US20030014596A1

US20030014596A1 - Streaming data cache for multimedia processor

Info

Publication number: US20030014596A1
Application number: US09/903,008
Authority: US
Inventors: Naohiko Irie
Original assignee: Hitachi America Ltd
Current assignee: Hitachi America Ltd
Priority date: 2001-07-10
Filing date: 2001-07-10
Publication date: 2003-01-16
Also published as: JP2003099324A

Abstract

A system is provided for improving the performance of multimedia computer operations. It includes a streaming data cache memory, a bus, a processor coupled to the bus, and an interface circuit coupled to the bus and to an external source of information, for example, a high speed communications link. The streaming data cache is coupled to a memory controller, and receives data only from the external source of information. After data in the streaming data cache memory is accessed the first time, the data is invalidated and not used again.

Description

BACKGROUND OF THE INVENTION

This invention relates to computing systems, and in particular, to a computing system specially adapted to multimedia applications. The adaptation includes provision of a special cache memory for handling streaming data.
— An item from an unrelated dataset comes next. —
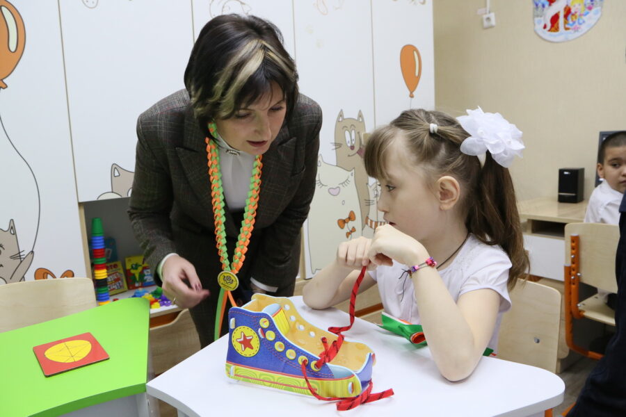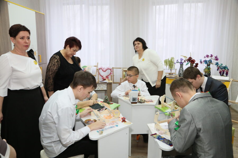Директор Волгодонской специальной школы-интерната «Восхождение» Татьяна Белоусова пригласила гостей посмотреть, где занимаются ребята на протяжении дня. На первом этаже расположились залы ЛФК и кабинеты психологической нагрузки, этажом выше – мастерские, где дети занимаются декоративно-прикладным творчеством, кабинеты логопедов и дефектологов, оснащенные новым коррекционно-развивающим оборудованием, кабинет робототехники и гончарного дела.

Applications for microprocessors are continuing to increase rapidly. The advent of the internet has enormously increased the widespread availability of data to users all over the world. Such users are typically connected to the internet or other communications media through various communications links, ranging from modems to special purpose telephone lines, and now through fiber optic cables. The resulting increased bandwidth of the communications links provides the capability for users to receive and transmit more data per unit time than ever before.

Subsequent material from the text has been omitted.